Inspired by HyperCard, we (old Sun NeWS hands) also pleaded until we were blue in the face to make HyperLook (a NeWS/PostScript/network based reinterpretation of HyperCard) the window manager / editable scriptable desktop environment!

http://www.art.net/~hopkins/Don/unix-haters/x-windows/i39l.h...

>Who Should Manage the Windows, X11 or NeWS?

>This is a discussion of ICCCM Window Management for X11/NeWS. One of the horrible problems of X11/NeWS was window management. The X people wanted to wrap NeWS windows up in X frames (that is, OLWM). The NeWS people wanted to do it the other way around, and prototyped an ICCCM window manager in NeWS (mostly object oriented PostScript, and a tiny bit of C), that wrapped X windows up in NeWS window frames.

>Why wrap X windows in NeWS frames?
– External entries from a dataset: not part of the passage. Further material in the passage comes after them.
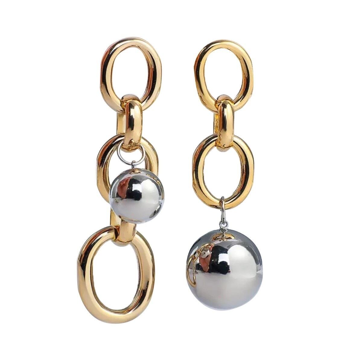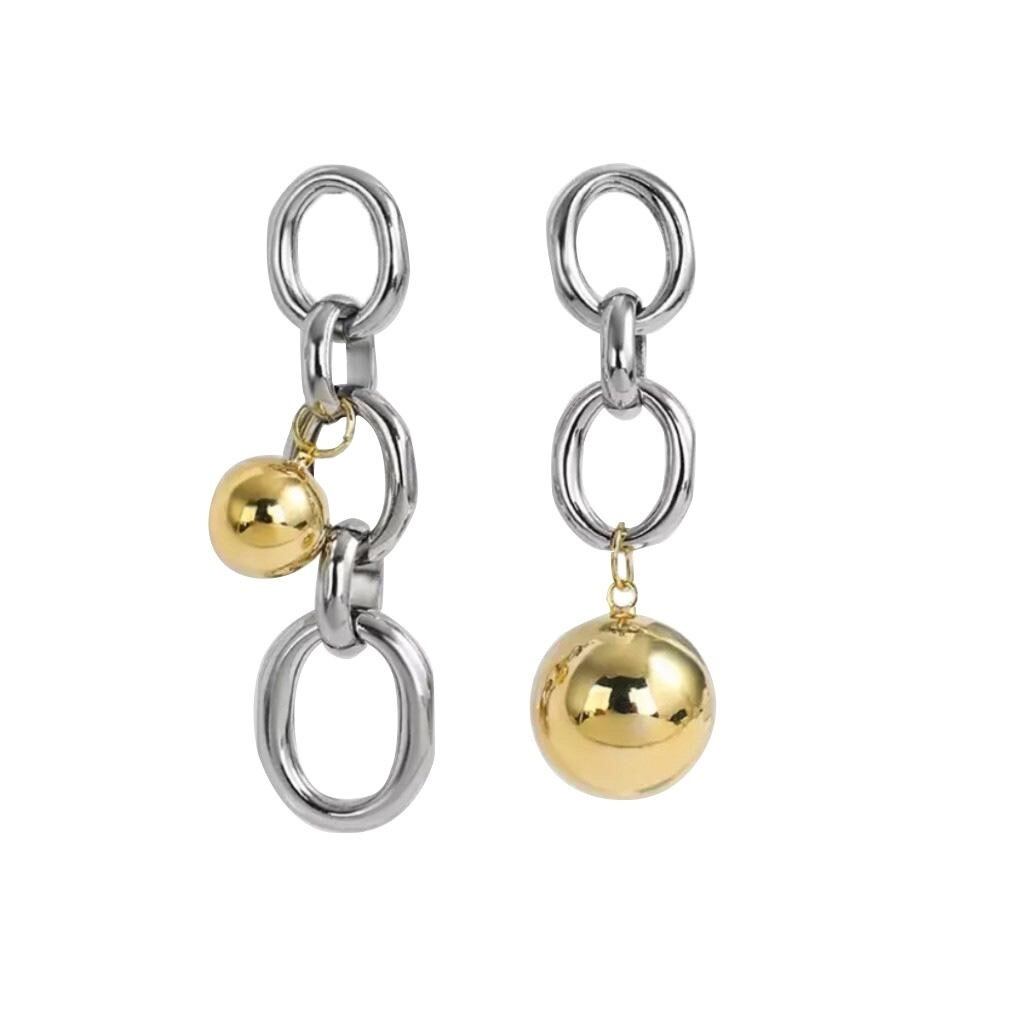 ボリュームのあるチェーンとボールを左右非対称にしたデザインで、耳元に個性と遊び心を演出します。6.5gと軽量で、どんなシーンにもお使いいただけるアイテムです。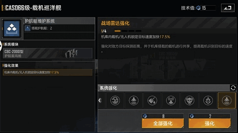 3、飞机分为护航艇、战机和无人机,其中护航艇脱离母舰可长时间作战,所以先点冷却速度的意义不大,无人机是脱离母舰后作战时间最短的。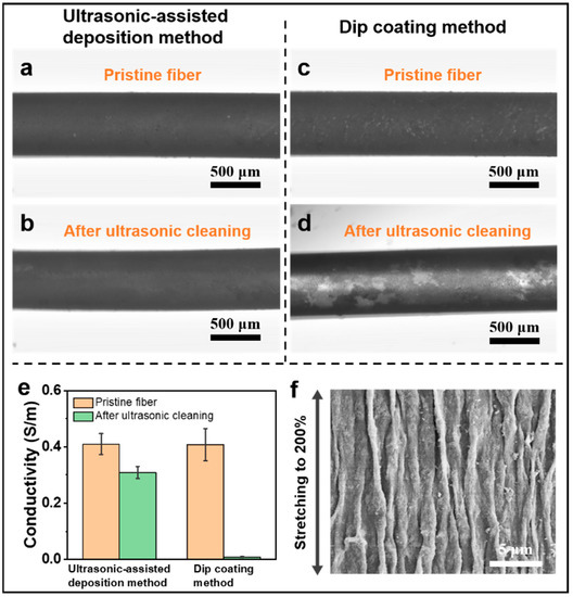 From the cross-section view of the CNTs@PDMS fiber (Figure 2e,f), it is extremely difficult to distinguish the interface between the CNT skin layer and the PDMS matrix because the very thin CNT film (nanometer scale) is firmly bonded on the PDMS fiber surface. The enlarged SEM image (Figure 2f) demonstrates that CNTs are partially embedded into the PDMS surface rather than just absorbed on the surface, which could provide strong interfacial interaction and prevent the CNT layer from cracking or delaminating upon large strain applied. To characterize the robustness of the wrinkled layer fabricated by the ultrasonic-assisted deposition method, the as-prepared CNTs@PDMS fibers are soaked in water for ultrasonic cleaning (Figure 3a,b). The conductivity of the CNTs@PDMS fiber slightly decreases from 0.41 S/m to 0.31 S/m (Figure 3e) and the fiber surface layer shows no obvious change after ultrasonic cleaning (Figure 3a,b). Furthermore, the wrinkled CNT surface layer can withstand 200% tensile strain without obvious cracking and delaminating (Figure 3f). On the contrary, the CNTs@PDMS fiber with similar initial conductivity fabricated by the dip-coating method demonstrates poor stability. Apparent delaminating is observed in Figure 3c,d and, thus, the conductivity of the fiber sharply decreases to 0.008 S/m (Figure 3e). Hence, the proposed ultrasonic-assisted deposition method provides a worthwhile strategy to deposit the robust wrinkled surface layer with strong interfacial bonding strength.

Because NeWS is much better at window management than X. On the surface, it was easy to implement lots of cool features. But deeper, NeWS is capable of synchronizing input events much more reliably than X11, so it can manage the input focus perfectly, where asynchronous X11 window managers fall flat on their face by definition.

>Our next step (if you'll pardon the allusion) was to use HyperNeWS (renamed HyperLook, a graphical user interface system like HyperCard with PostScript) to implemented a totally customizable X window manager!

http://art.net/~hopkins/Don/hyperlook/index.html

>What is HyperLook? It's a user interface environment for NeWS, that was designed by Arthur van Hoff, at the Turing Institute in Glasgow. HyperLook was previously known as HyperNeWS, and GoodNeWS before that.

>Open windows with HyperLook

>HyperLook is an interactive application design system, that lets you develop advanced multimedia systems, via simple direct manipulation, property sheets, and object oriented programming. It releases the full power of OpenWindows to the whole spectrum of users, ranging from casual users who want a configurable desktop and handy presentation tools, to professional programmers who want to push the limits in interactive mulltimedia.

>You design interfaces by taking fully functional components from an object warehouse. You lay them out in your own window, configure them with menus and property sheets, define their appearance in colorful PostScript fonts and graphics, and write scripts to customize their behavior.

>You can write applications in C or other languages, that communicate with HyperLook by sending high level messages across the network. They need not worry about details like layout, look and feel, or fonts and colors. You can edit HyperLook applications while they're running, or deliver them in an uneditable runtime form.

>HyperLook is totally extensible and open ended. It comes with a toolkit of user interface classes, property sheets, and warehouses of pre-configured components with useful behavior.